*** Data segment Section Begins ***
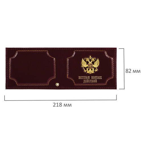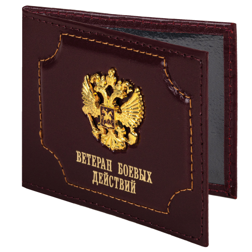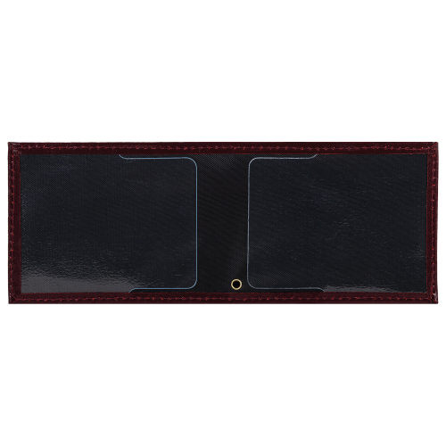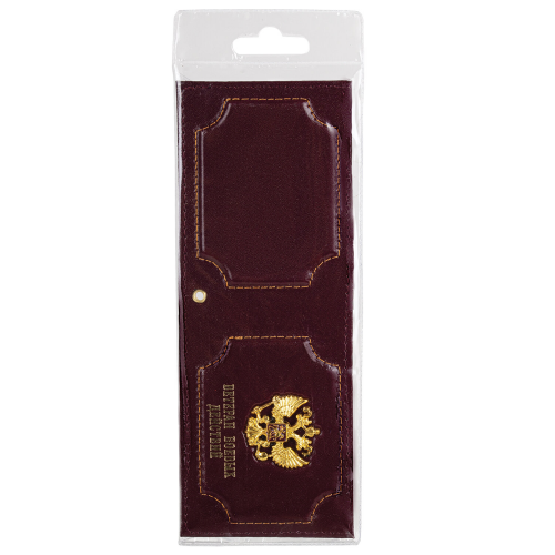 Модель выполнена из натуральной гладкой кожи бордового цвета, украшена золотой металлической кокардой "Герб России". Имеет один карман. Благодаря компактным размерам (7х82х109 мм) удобно всегда носить с собой. Дополнительно в обложке имеется металлический люверс для крепления, можно прицепить страховочную цепочку.
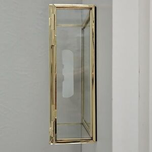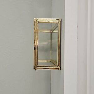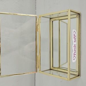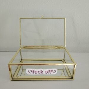 New without tags- Gold trimmed glass decorative jewelry box featuring hinged lid that stays open, mirrored inlay bottom, silicone outer bottom to keep in place on table and cute pink sticker I put on. Box measures 5.25 in width x 1.75 in height closed x 5 in height open x 3.5 in depth.
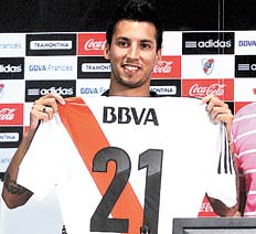 Luego de su primera práctica en River, el mediocampista Leonel Vangioni (foto) fue presentado como nuevo jugador de la institución. Acompañado por el vicepresidente Diego Turnes, firmó el contrato que lo une a la entidad de Núñez hasta diciembre de 2015 y se convirtió, oficialmente, en el primer refuerzo del equipo de Ramón Díaz. “Jugar en River es algo que siempre soñé. Ojalá sea con mucho éxito porque cada vez que me ponga la camiseta lo voy a disfrutar al máximo”, aseguró, entusiasmado, el ex Newell’s. El zurdo mediocampista, que fue uno de los jugadores requeridos por el entrenador para encarar su tercer ciclo al frente del club, admitió que lo puso “muy feliz” saber que Ramón tenía deseos de contratarlo. “Que te pida un técnico de esa jerarquía es algo que pone bien a cualquiera”, enfatizó. A su vez adelantó que tiene capacidad para jugar como lateral o como mediocampista por la banda izquierda, situación que, ante la falta de jugadores con ese perfil en el plantel, asoma como una interesante alternativa para el equipo. “Puedo jugar en cualquiera de los dos puestos, estoy a disposición para lo que el técnico necesite”, subrayó. El oriundo de Villa Constitución reveló que para él “es un orgullo” poder formar parte del plantel de River, y también destacó la velocidad con la que se concretó su pase. “Yo esperaba que se cierre lo más rápido posible, y se llegó a un acuerdo en tres reuniones. Por suerte ahora sólo resta pensar en el torneo que viene”, concluyó.
*** Data segment Section Ends ***
> Your goal
The response should restate the material above word for word and contain no pictures.

> Solution below
 Модель выполнена из натуральной гладкой кожи бордового цвета, украшена золотой металлической кокардой "Герб России". Имеет один карман. Благодаря компактным размерам (7х82х109 мм) удобно всегда носить с собой. Дополнительно в обложке имеется металлический люверс для крепления, можно прицепить страховочную цепочку.
 New without tags- Gold trimmed glass decorative jewelry box featuring hinged lid that stays open, mirrored inlay bottom, silicone outer bottom to keep in place on table and cute pink sticker I put on. Box measures 5.25 in width x 1.75 in height closed x 5 in height open x 3.5 in depth.
 Luego de su primera práctica en River, el mediocampista Leonel Vangioni (foto) fue presentado como nuevo jugador de la institución. Acompañado por el vicepresidente Diego Turnes, firmó el contrato que lo une a la entidad de Núñez hasta diciembre de 2015 y se convirtió, oficialmente, en el primer refuerzo del equipo de Ramón Díaz. “Jugar en River es algo que siempre soñé. Ojalá sea con mucho éxito porque cada vez que me ponga la camiseta lo voy a disfrutar al máximo”, aseguró, entusiasmado, el ex Newell’s. El zurdo mediocampista, que fue uno de los jugadores requeridos por el entrenador para encarar su tercer ciclo al frente del club, admitió que lo puso “muy feliz” saber que Ramón tenía deseos de contratarlo. “Que te pida un técnico de esa jerarquía es algo que pone bien a cualquiera”, enfatizó. A su vez adelantó que tiene capacidad para jugar como lateral o como mediocampista por la banda izquierda, situación que, ante la falta de jugadores con ese perfil en el plantel, asoma como una interesante alternativa para el equipo. “Puedo jugar en cualquiera de los dos puestos, estoy a disposición para lo que el técnico necesite”, subrayó. El oriundo de Villa Constitución reveló que para él “es un orgullo” poder formar parte del plantel de River, y también destacó la velocidad con la que se concretó su pase. “Yo esperaba que se cierre lo más rápido posible, y se llegó a un acuerdo en tres reuniones. Por suerte ahora sólo resta pensar en el torneo que viene”, concluyó.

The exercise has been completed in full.